═════ Exercise data

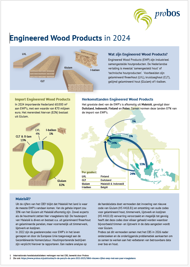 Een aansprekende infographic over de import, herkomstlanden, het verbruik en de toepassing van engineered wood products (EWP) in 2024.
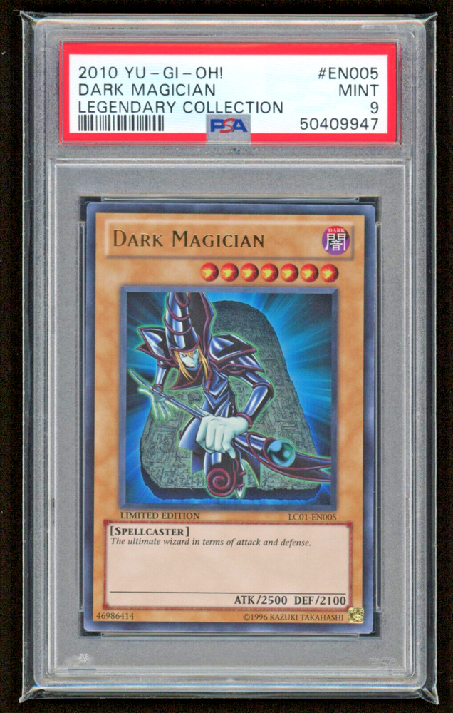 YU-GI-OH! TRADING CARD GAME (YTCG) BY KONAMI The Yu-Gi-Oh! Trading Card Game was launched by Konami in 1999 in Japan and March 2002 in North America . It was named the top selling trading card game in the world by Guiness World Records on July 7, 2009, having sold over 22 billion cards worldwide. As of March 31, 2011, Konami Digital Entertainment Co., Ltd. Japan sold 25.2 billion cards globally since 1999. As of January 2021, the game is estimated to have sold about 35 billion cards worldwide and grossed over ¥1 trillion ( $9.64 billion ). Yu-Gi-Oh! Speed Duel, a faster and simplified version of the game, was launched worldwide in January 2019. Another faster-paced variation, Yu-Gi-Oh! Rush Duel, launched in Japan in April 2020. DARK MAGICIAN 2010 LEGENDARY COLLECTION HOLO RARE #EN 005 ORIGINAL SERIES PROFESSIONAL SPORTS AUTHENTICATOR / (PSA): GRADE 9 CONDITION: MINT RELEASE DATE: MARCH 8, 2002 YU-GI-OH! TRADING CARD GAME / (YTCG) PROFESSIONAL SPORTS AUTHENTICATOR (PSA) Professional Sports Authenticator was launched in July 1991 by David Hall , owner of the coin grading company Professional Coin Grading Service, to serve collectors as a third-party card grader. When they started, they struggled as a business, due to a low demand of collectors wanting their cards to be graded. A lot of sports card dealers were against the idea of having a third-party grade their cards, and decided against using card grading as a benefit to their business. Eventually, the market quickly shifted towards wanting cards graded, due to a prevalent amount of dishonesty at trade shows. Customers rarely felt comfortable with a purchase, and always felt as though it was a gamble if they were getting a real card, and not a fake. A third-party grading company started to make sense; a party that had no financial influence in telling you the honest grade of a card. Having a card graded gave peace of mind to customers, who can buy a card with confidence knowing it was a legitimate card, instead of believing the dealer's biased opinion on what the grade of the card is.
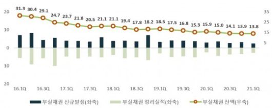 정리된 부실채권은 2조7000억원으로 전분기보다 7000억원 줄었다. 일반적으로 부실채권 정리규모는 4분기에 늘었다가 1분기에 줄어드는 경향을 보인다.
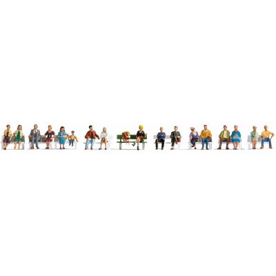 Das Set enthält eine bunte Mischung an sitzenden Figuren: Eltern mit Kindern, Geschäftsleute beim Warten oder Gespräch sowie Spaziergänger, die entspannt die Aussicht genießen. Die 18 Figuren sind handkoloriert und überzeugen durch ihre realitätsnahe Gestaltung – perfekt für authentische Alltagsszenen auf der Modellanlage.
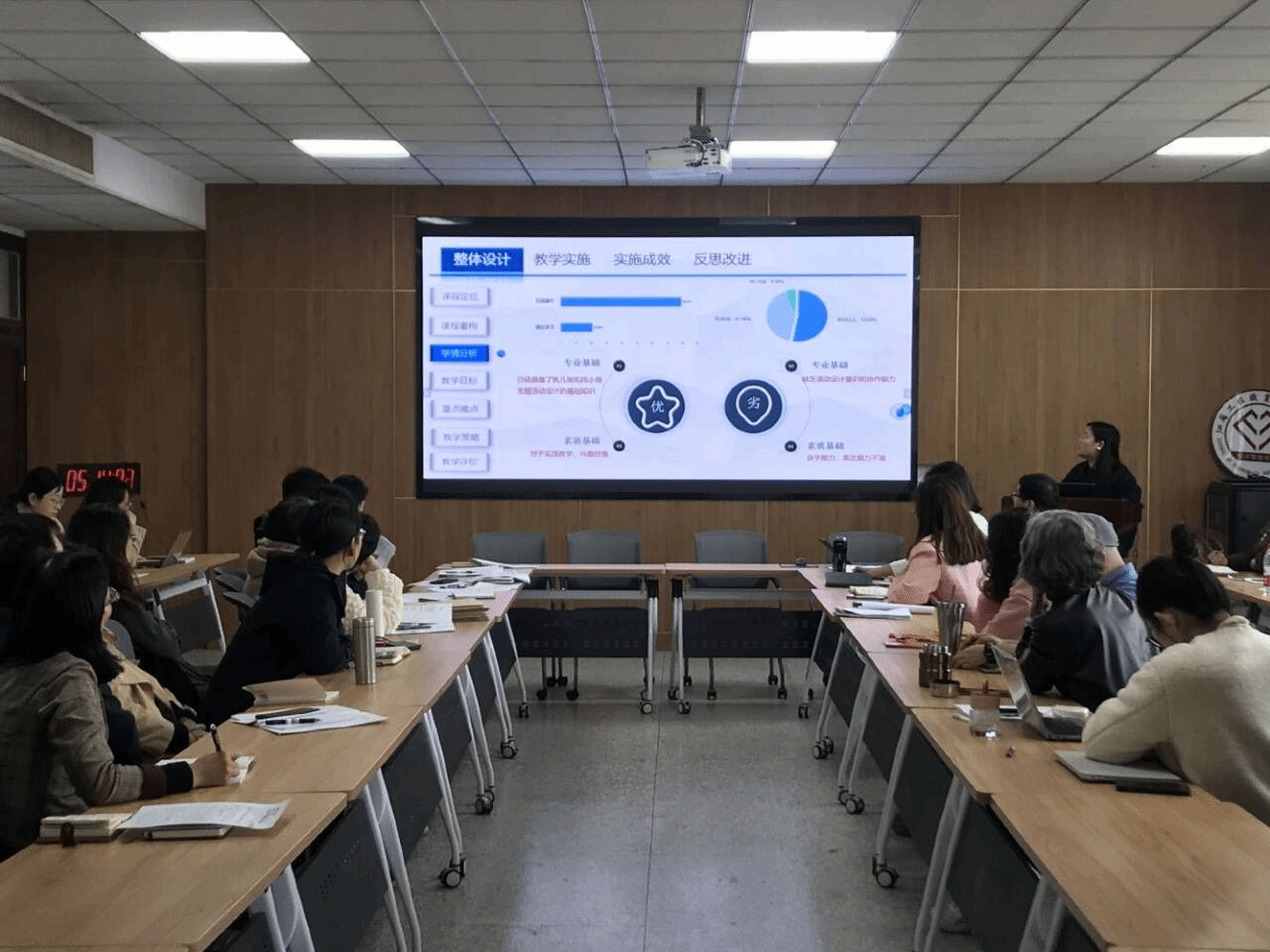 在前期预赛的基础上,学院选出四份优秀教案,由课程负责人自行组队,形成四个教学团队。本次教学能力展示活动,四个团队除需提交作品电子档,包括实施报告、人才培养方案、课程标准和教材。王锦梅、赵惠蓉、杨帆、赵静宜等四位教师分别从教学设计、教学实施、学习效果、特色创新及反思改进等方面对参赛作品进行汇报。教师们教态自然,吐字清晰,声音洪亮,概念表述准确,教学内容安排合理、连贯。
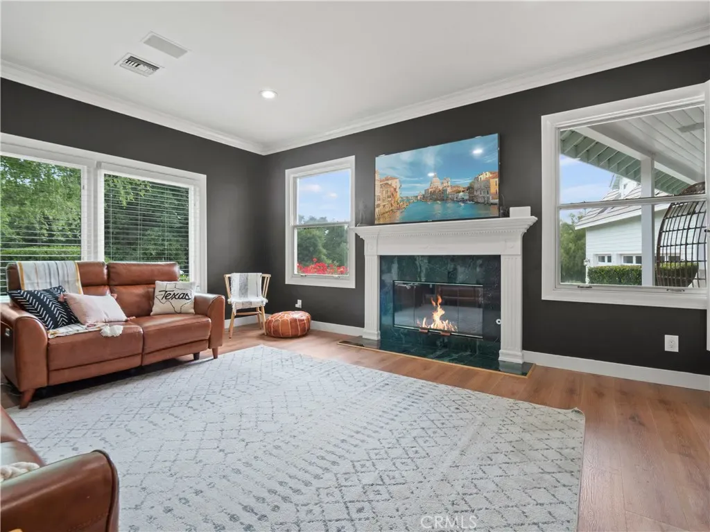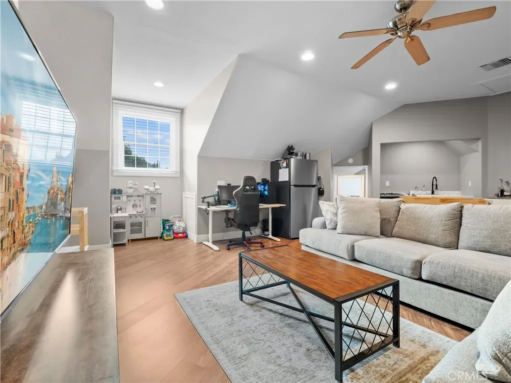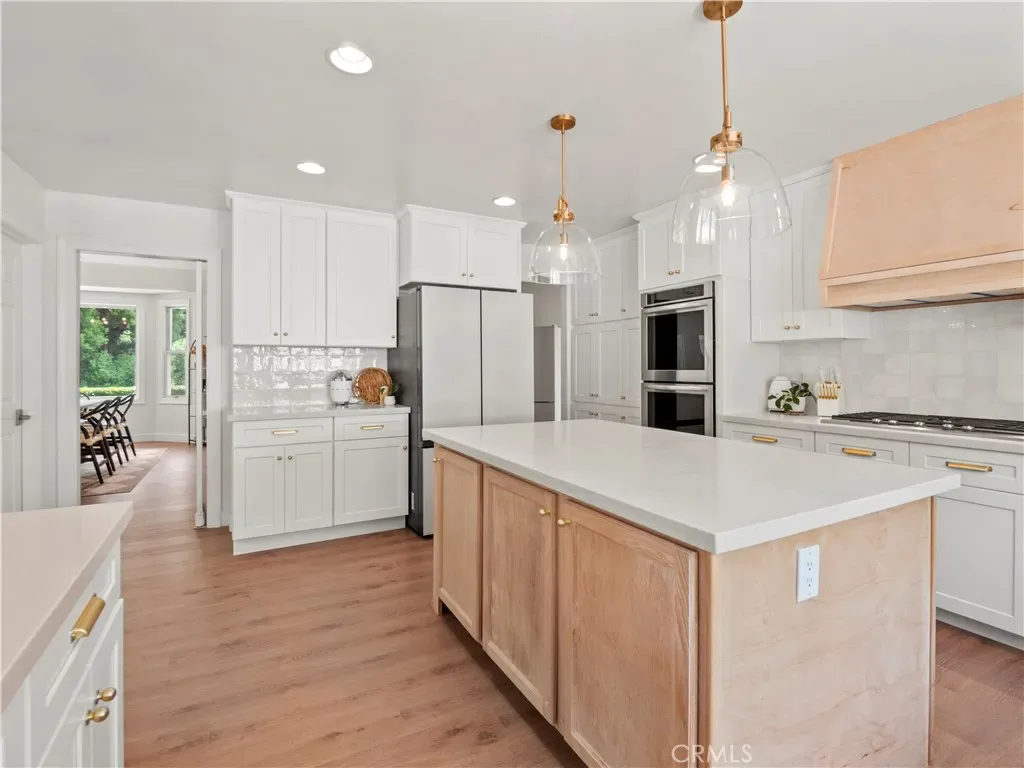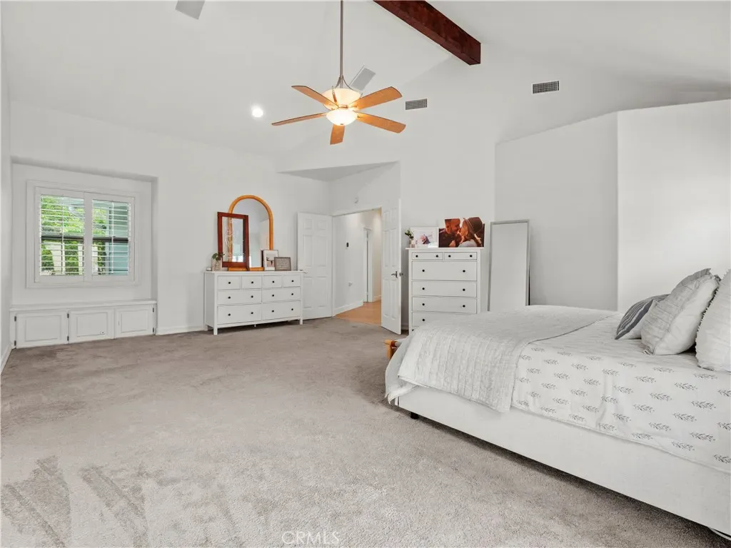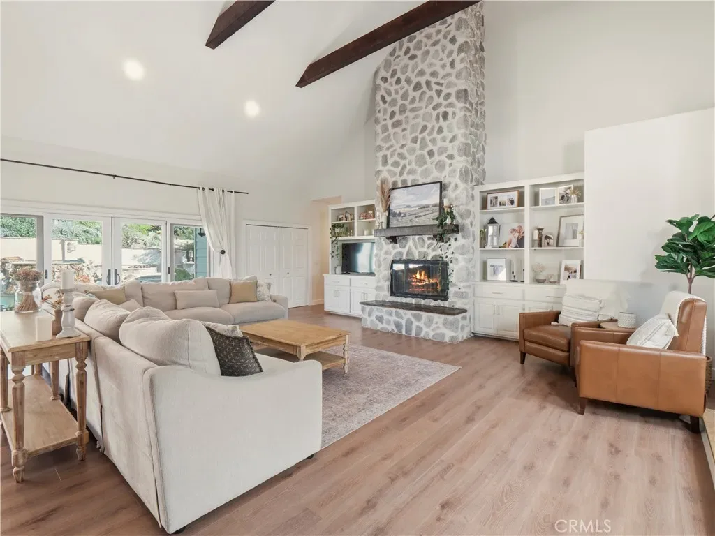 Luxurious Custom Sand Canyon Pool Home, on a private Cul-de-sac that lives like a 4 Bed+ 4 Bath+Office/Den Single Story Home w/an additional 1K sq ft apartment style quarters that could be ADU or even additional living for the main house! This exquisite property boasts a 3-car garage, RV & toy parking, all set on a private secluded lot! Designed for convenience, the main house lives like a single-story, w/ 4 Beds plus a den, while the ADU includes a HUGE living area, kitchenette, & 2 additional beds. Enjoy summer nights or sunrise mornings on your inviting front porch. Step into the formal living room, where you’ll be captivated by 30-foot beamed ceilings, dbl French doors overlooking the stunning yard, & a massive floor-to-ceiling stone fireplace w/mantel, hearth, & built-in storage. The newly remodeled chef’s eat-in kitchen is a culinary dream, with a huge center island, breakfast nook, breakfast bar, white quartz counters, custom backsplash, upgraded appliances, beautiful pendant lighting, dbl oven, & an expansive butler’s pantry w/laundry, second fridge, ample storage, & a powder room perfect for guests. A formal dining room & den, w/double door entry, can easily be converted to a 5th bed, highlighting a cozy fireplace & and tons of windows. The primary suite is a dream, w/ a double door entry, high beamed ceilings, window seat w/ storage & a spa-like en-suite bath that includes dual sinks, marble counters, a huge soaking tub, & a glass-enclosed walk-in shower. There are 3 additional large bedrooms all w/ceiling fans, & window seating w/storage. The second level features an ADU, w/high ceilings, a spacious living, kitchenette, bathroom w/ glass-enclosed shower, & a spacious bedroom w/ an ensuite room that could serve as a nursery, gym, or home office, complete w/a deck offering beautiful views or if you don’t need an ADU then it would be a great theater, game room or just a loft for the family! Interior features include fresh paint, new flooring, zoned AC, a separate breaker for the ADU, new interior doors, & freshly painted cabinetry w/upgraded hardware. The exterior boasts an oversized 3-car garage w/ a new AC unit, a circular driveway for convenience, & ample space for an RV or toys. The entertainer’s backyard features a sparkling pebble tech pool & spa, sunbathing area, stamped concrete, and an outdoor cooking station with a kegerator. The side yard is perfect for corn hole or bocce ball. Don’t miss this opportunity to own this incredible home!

══════════

* **Assignment**: Your output should be the lines above from the one that contains "Das Set enthält" through the one that contains "在前期预赛的基础上,学院选出", word for word, with pictures left out.

* **Exercise answer**:
 Das Set enthält eine bunte Mischung an sitzenden Figuren: Eltern mit Kindern, Geschäftsleute beim Warten oder Gespräch sowie Spaziergänger, die entspannt die Aussicht genießen. Die 18 Figuren sind handkoloriert und überzeugen durch ihre realitätsnahe Gestaltung – perfekt für authentische Alltagsszenen auf der Modellanlage.
 在前期预赛的基础上,学院选出四份优秀教案,由课程负责人自行组队,形成四个教学团队。本次教学能力展示活动,四个团队除需提交作品电子档,包括实施报告、人才培养方案、课程标准和教材。王锦梅、赵惠蓉、杨帆、赵静宜等四位教师分别从教学设计、教学实施、学习效果、特色创新及反思改进等方面对参赛作品进行汇报。教师们教态自然,吐字清晰,声音洪亮,概念表述准确,教学内容安排合理、连贯。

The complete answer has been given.